Personalmente ho vissuto quegli anni con sofferenza. Al Pime il buon Dio ha mandato un superiore generale adatto per quel tempo: mons. Aristide Pirovano, vescovo di Macapà in Amazzonia brasiliana e superiore per 12 anni (1965-1977). Ero direttore di "Mondo e Missione" e subivo ogni giorno contestazioni sulla linea della rivista e per la fedeltà al Papa e alla Chiesa.
Ricordo, ma è un caso su tanti, la battaglia per la "Humanae Vitae" di Paolo VI nel 1968, allora contestata da moltissimi nel mondo laico e anche fra i teologi, gli studiosi e i mass media cattolici. Abbiamo pubblicato alcuni articoli su "Mondo e Missione" e Pirovano mi telefona: «Bene, ero sicuro che avreste seguito la retta via della fedeltà al Papa.»
Ho poi ricevuto lettere di protesta, telefonate, documentazione in contrario a quanto diceva Paolo VI, a cui rispondevo a lungo perchè ho sempre amato il confronto sullo specifico dei problemi che dividono (non pochi si sottraggono a questo confronto). A 35 anni di distanza la storia (cioè Dio) ha dimostrato che il Papa aveva ragione: oggi il mondo non è in crisi perchè ha troppi bambini, ma perchè ne ha troppo pochi (
[13])! Il che non esclude, naturalmente, che ci siano paesi sovraffollati (Bangladesh, isola di Giava, alcune regioni dell'India e della Cina, Olanda, Belgio, Giappone, ecc.). Ma in nessun modo il sottosviluppo coincide con i paesi più intensamente abitati!
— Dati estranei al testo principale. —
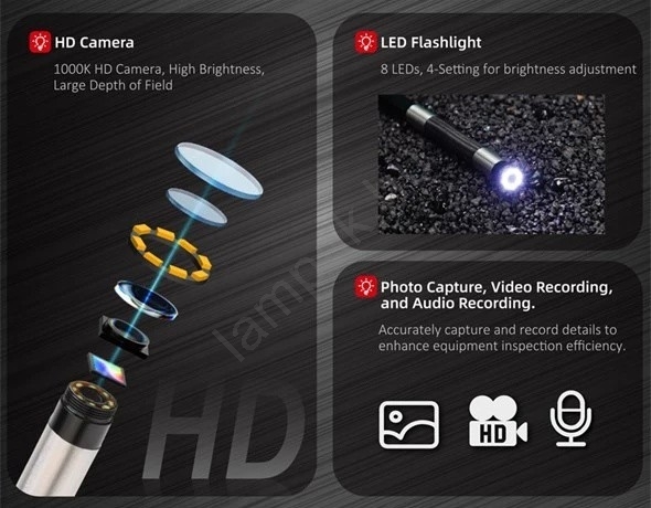 • A szonda végén található 8 mm átmérőjű objektív nyolc, négy fokozatban állítható LED-del rendelkezik, amelyek ideális megvilágítást biztosítanak a vizsgált területnek.
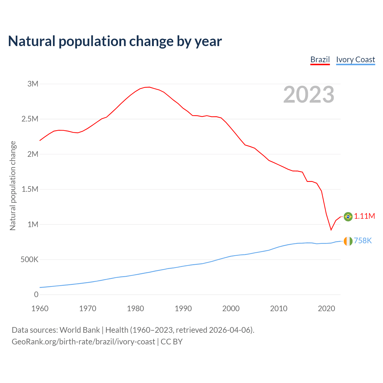 Brazil has an annual birth rate of 12.3 births per 1,000 people, compared to 32 for Ivory Coast. The average number of children a woman is expected to have during her lifetime — the fertility rate, is 1.62 in Brazil and 4.28 in Ivory Coast — 164.5% difference.

     La vera liberazione dell'uomo viene da Cristo 

    "L'evangelizzazione nel mondo contemporaneo" di Paolo VI (8 dicembre 1975) e "La Missione del Redentore" di Giovanni Paolo II (7 dicembre 1990) sono ritenute le encicliche pastoralmente più significative dei due Pontefici ([14]) e la continuazione ideale del decreto "Ad Gentes" sul tema missionario. Scritte a 15 anni di distanza l'una dall'altra, hanno diverse impostazioni e orizzonti; ma questo interessa meno di quello che le unisce: la missione della Chiesa è proclamare, annunziare, testimoniare all'umanità la salvezza in Cristo; un'opera di natura religiosa, che porta gli uomini ad incontrare il Figlio di Dio fatto uomo per salvarci.
«Vogliamo nuovamente confermare che il mandato di evangelizzare tutti gli uomini costituisce la missione essenziale della Chiesa (EN, 14). »
La EN è il risultato del dibattito al Sinodo episcopale sull'evangelizzazione (Roma, ottobre 1974), durante il quale erano emerse due tendenze: una quasi identificava l'evangelizzazione con la liberazione dei poveri e dei popoli oppressi; per l'altra il Vangelo converte al modello di Cristo, cioè fa ritornare l'uomo a Dio e all'amore del prossimo, e con questo dà il massimo contributo per eliminare le ingiustizie fra uomo e uomo, fra popolo e popolo. Il Sinodo non era riuscito a pubblicare un testo unitario e rimandava tutto alla mediazione di Paolo VI (
[15]). La EN afferma che l'evangelizzazione ha una finalità specificamente religiosa: liberare l'uomo dal peccato, riconciliarlo con Dio.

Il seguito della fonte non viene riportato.